▶ Data for the task:
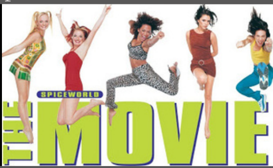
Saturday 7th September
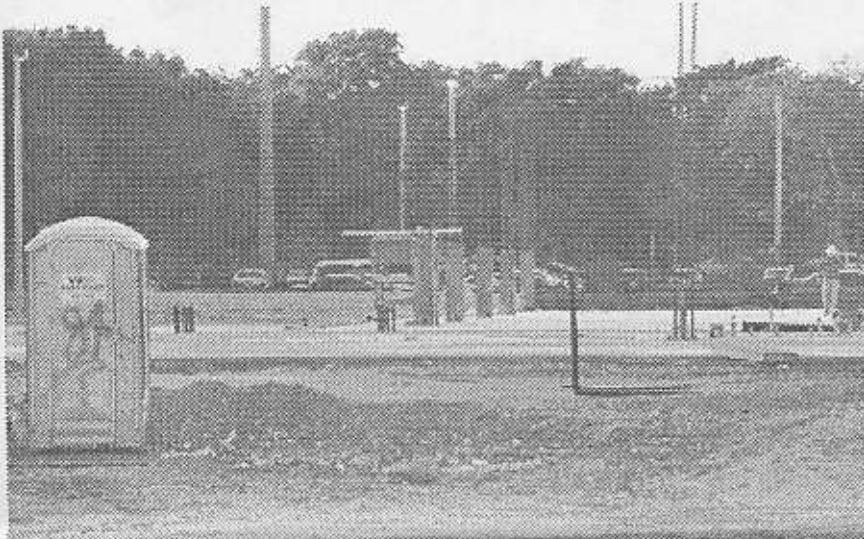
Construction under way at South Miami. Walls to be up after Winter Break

==

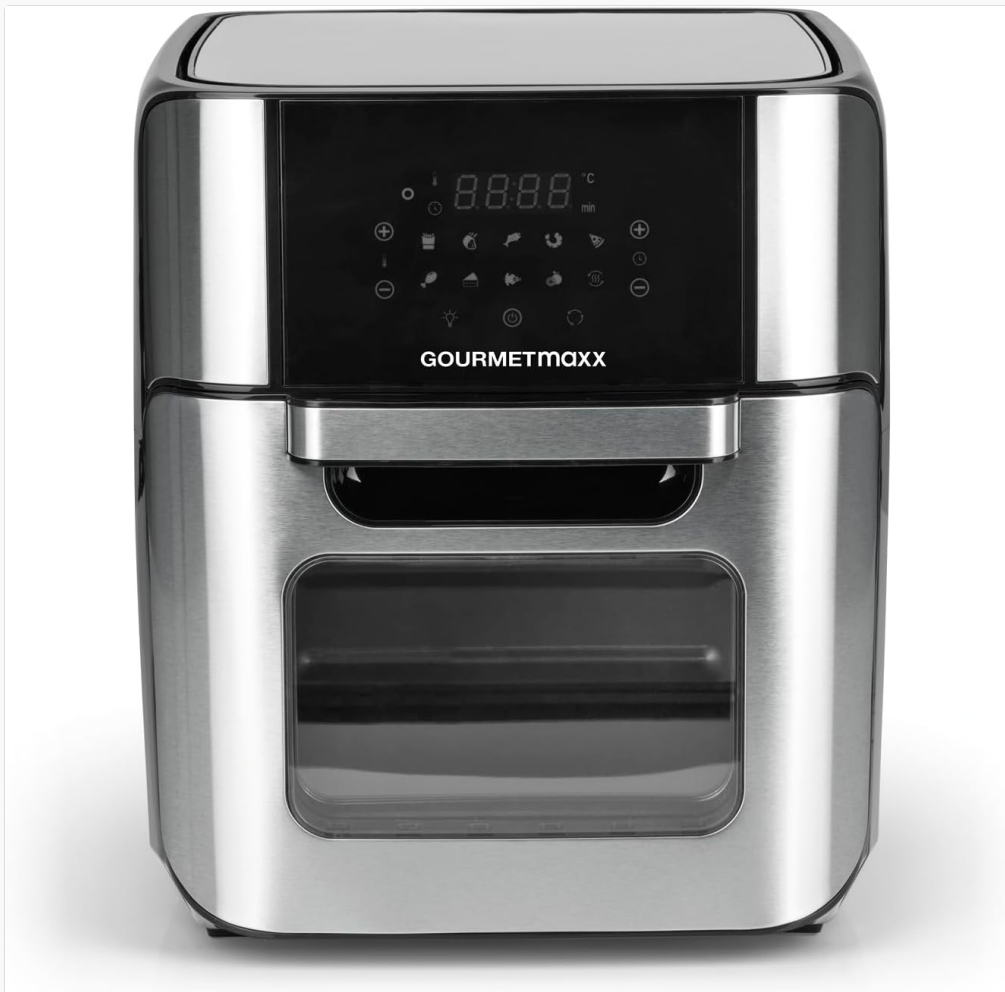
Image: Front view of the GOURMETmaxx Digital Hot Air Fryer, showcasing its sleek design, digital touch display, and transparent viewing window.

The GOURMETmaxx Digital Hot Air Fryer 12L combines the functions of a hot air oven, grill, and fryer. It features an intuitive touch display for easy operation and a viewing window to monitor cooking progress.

...

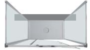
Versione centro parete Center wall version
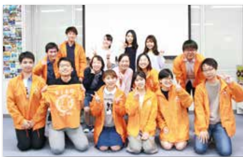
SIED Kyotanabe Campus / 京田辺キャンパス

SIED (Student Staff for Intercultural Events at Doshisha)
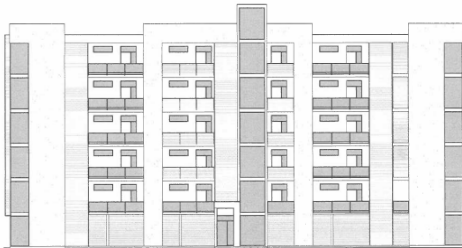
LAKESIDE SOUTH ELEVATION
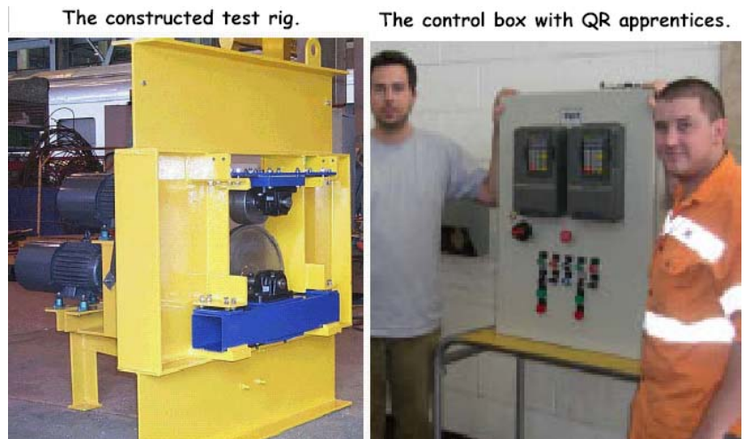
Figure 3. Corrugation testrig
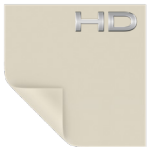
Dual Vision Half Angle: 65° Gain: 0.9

▶ Exercise aim: Check each line of the entries for "SIED" and copy those that have it.

▶ Written solution:
SIED Kyotanabe Campus / 京田辺キャンパス
SIED (Student Staff for Intercultural Events at Doshisha)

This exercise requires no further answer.